== RAW DATA ==

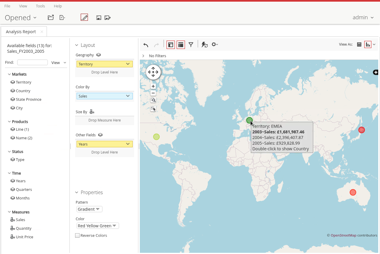 Si estás conectado a internet .. intenta crear un informe Geo Map.
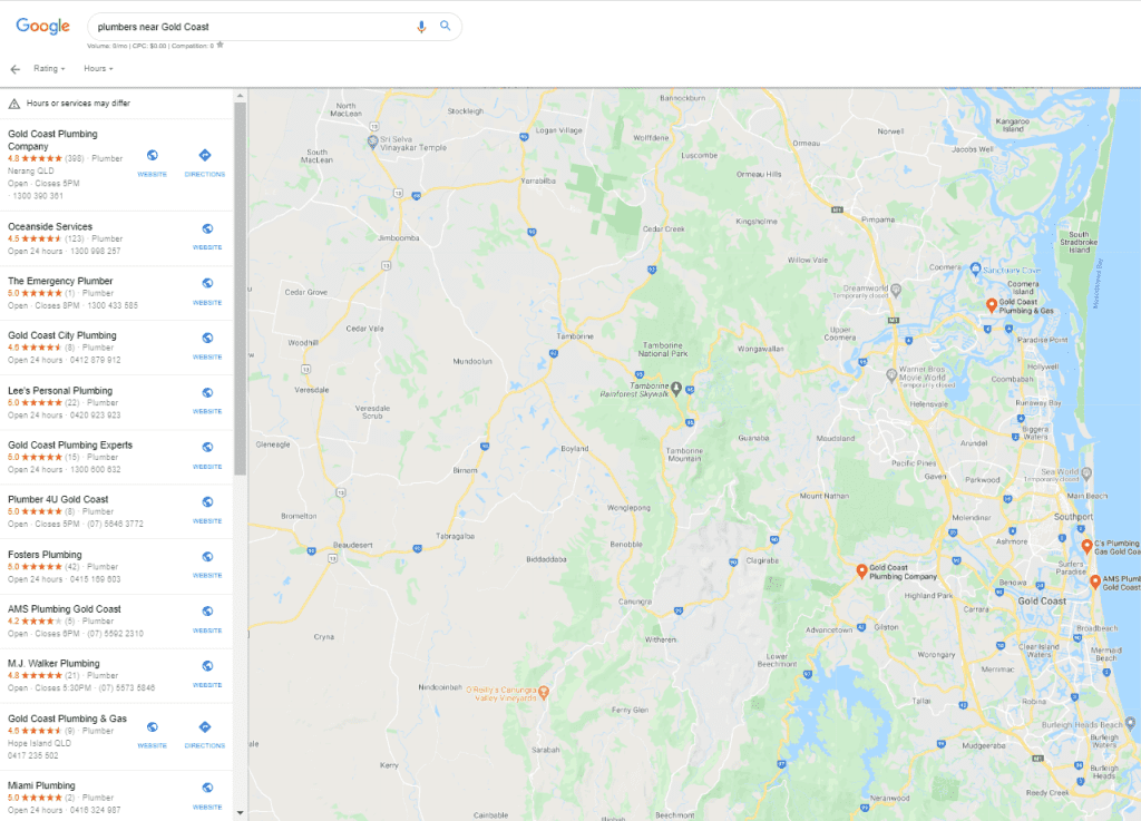 Look at the marketing efforts of your competitors. They’re online, right? We went to Google and looked for plumbers near Gold Coast. We have 12 results that match our searches. Are you one of them?
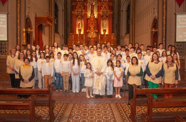 A Catedral Diocesana de Caxias do Sul - Paróquia Santa Teresa D'Ávila ficou lotada em dois momentos, na tarde do sábado, 19 de outubro, para as celebrações da Primeira Eucaristia de 94 crianças, às 16h e 19h. Após a liturgia da Palavra, os catequizandos professam sua fé com a oração do Creio e, no momento da comunhão, recebem o Sacramento da Eucaristia.
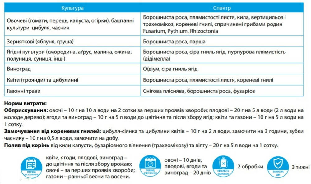 Период применения: цветы, ягоды, плодовые, виноград - до цветения и после сбора урожая; овощи - при первых проявлениях болезни; газоны - ранней весной и осенью.
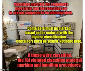 Two of my years in the military involved being a classified publications custodian. The photos that have been released, related to the alleged classified materials possession, handling, etc., are from the FBI/DOJ. There are certain procedures that have to be in place when it comes to these materials. The released photos suggest that these procedures were not followed… Unless classified materials handling and security requirements changed since the 20th Century.
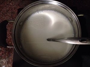 1L纯牛奶加入60g的白糖,中小火加热至糖溶解,这时锅壁摸起来温热不烫手即可。
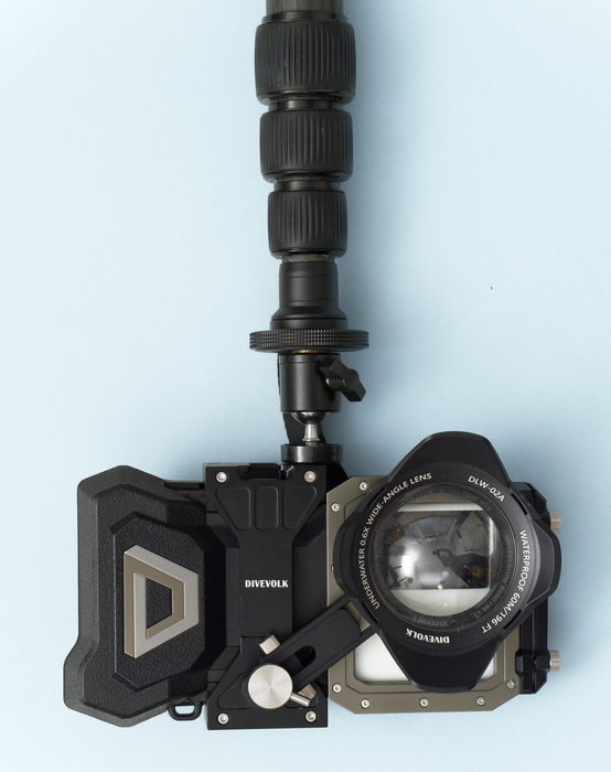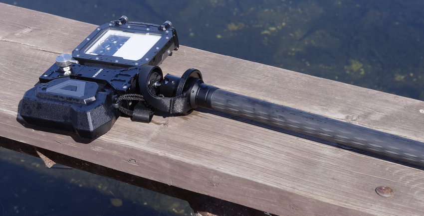 Eine lange ausziehbare Teleskopestange zum Eintauchen der Kamera vereinfacht Unterwasseraufnahmen.
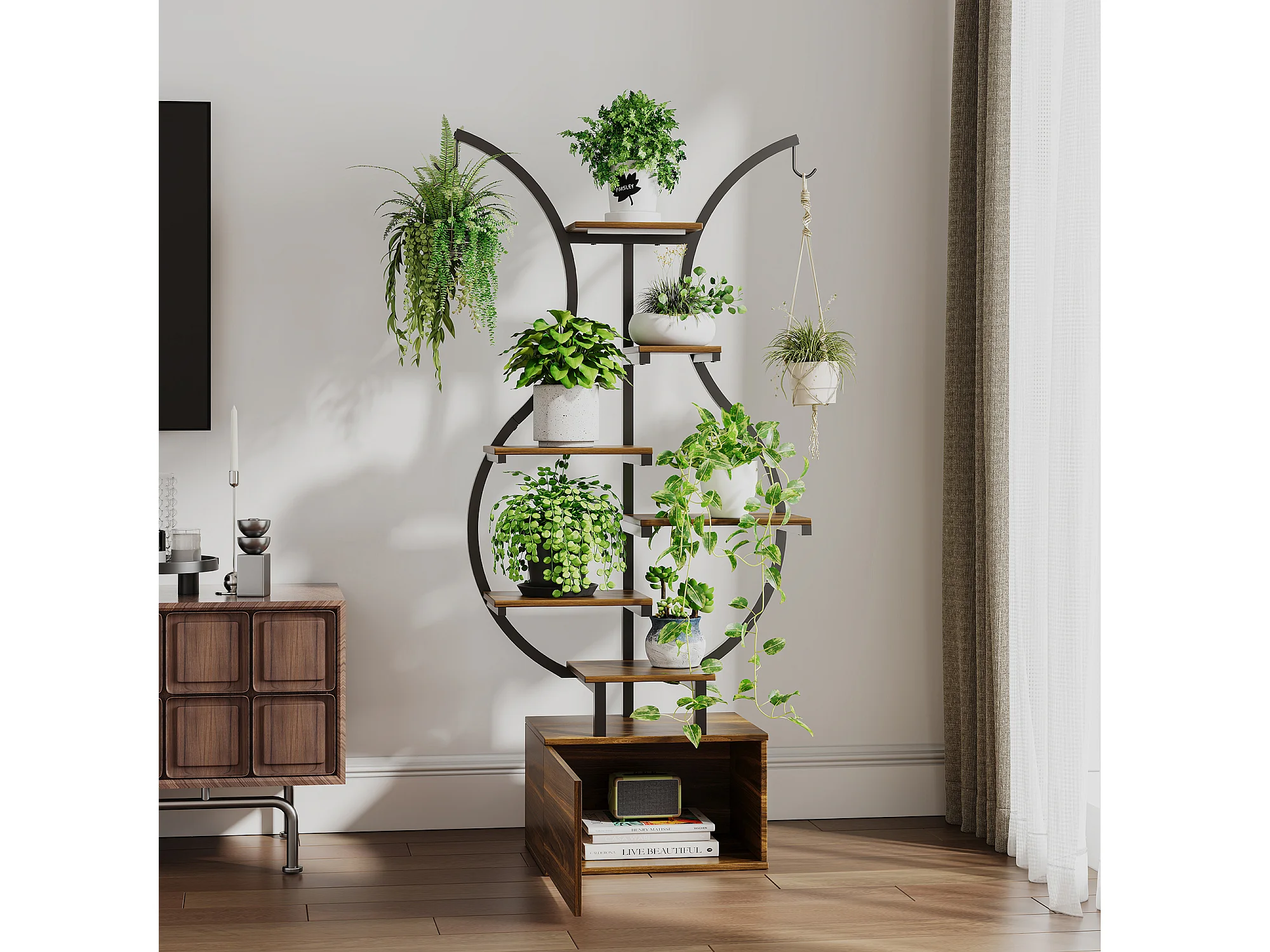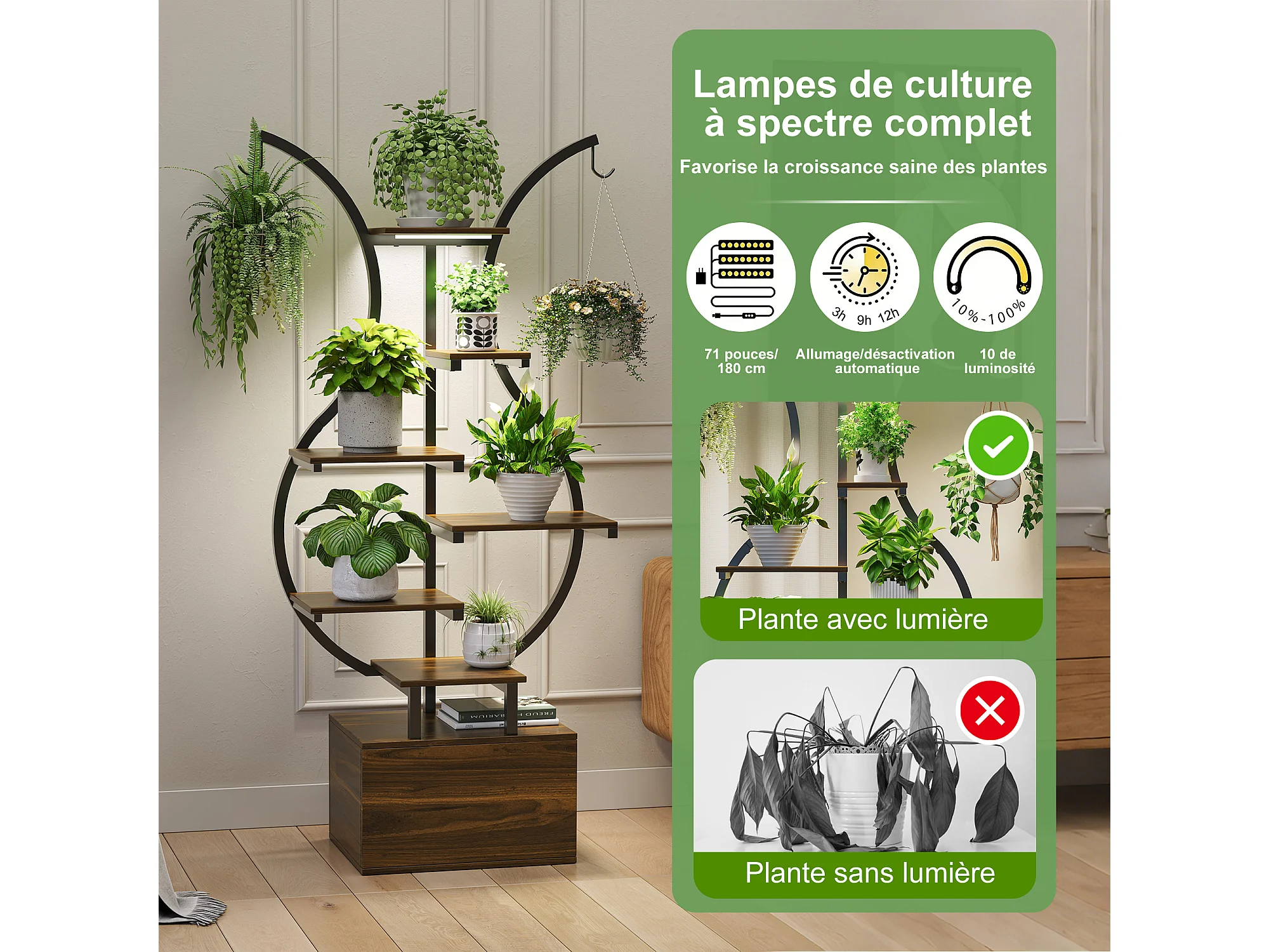 Support pour plantes avec lampe horticole et crochets - rangement - 40 x 30 x 142 cm
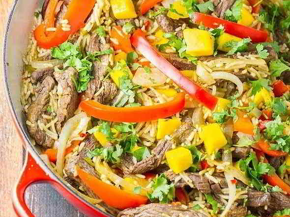 Add rice, stir, cover and cook until most the water is absorbed and rice is cooked through, stirring occasionally, 7-10 minutes. Toss in mango and coriander to warm. Serve immediately as a pan meal, or serve in flour tortillas with sour cream.
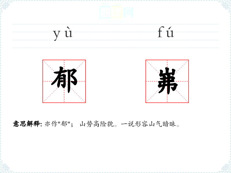亦作"郁"; 山势高险貌。一说形容山气暗昧。
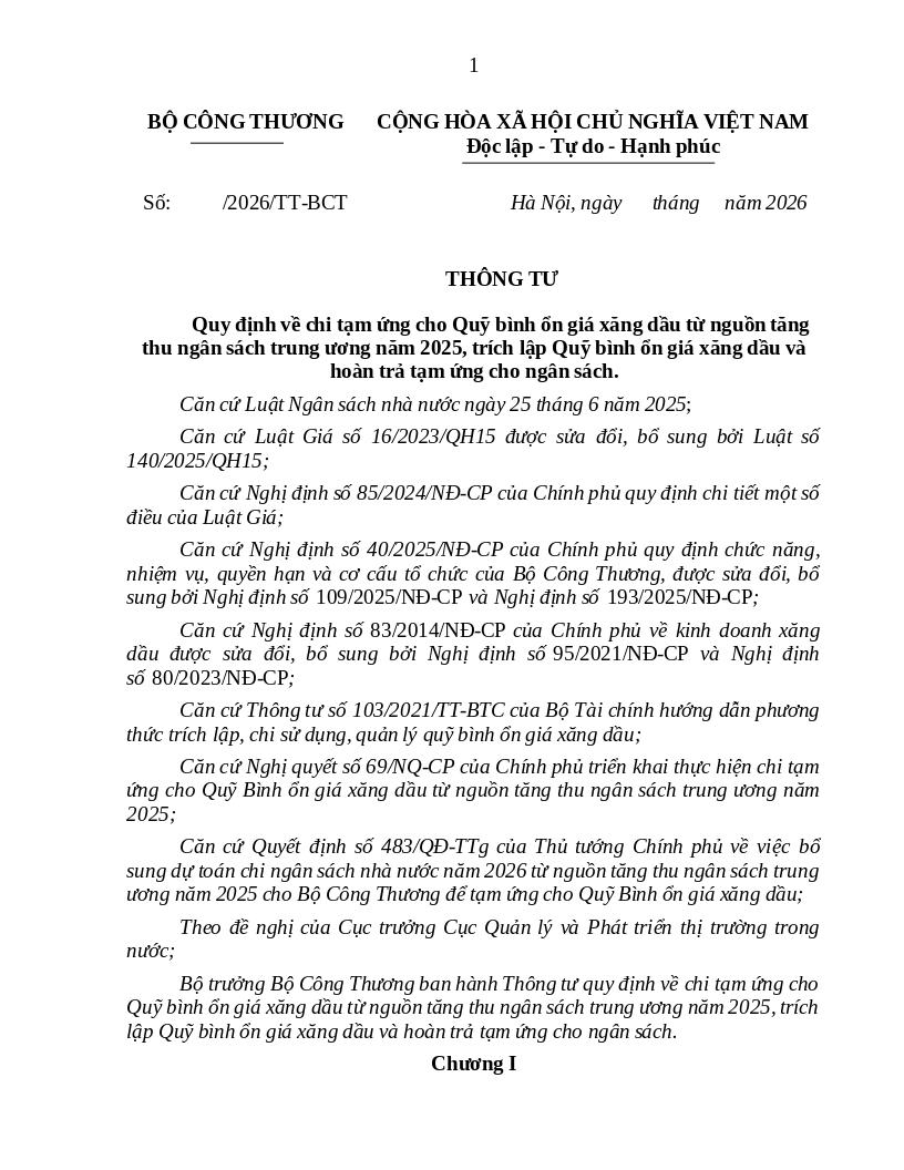 Bộ Công Thương đang xây dựng Dự thảo Thông tư Quy định về chi tạm ứng cho Quỹ bình ổn giá xăng dầu từ nguồn tăng thu ngân sách trung ương năm 2025, trích lập Quỹ bình ổn giá xăng dầu và hoàn trả tạm ứng cho ngân sách.
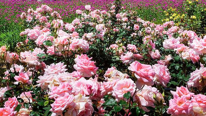 그 뒤로 이어지는 꽃양귀비와 피튜니아, 장미 등 다양한 꽃들이 자연스럽게 구역을 나누고 있어 길을 따라 걷는 것만으로도 다채로운 감성을 느낄 수 있다.

===

** EXERCISE BRIEF **
Pictures excluded, output exactly the line that contains "Bộ Công Thương" and every line after it to the end of the data above.

** TASK RESPONSE **
 Bộ Công Thương đang xây dựng Dự thảo Thông tư Quy định về chi tạm ứng cho Quỹ bình ổn giá xăng dầu từ nguồn tăng thu ngân sách trung ương năm 2025, trích lập Quỹ bình ổn giá xăng dầu và hoàn trả tạm ứng cho ngân sách.
 그 뒤로 이어지는 꽃양귀비와 피튜니아, 장미 등 다양한 꽃들이 자연스럽게 구역을 나누고 있어 길을 따라 걷는 것만으로도 다채로운 감성을 느낄 수 있다.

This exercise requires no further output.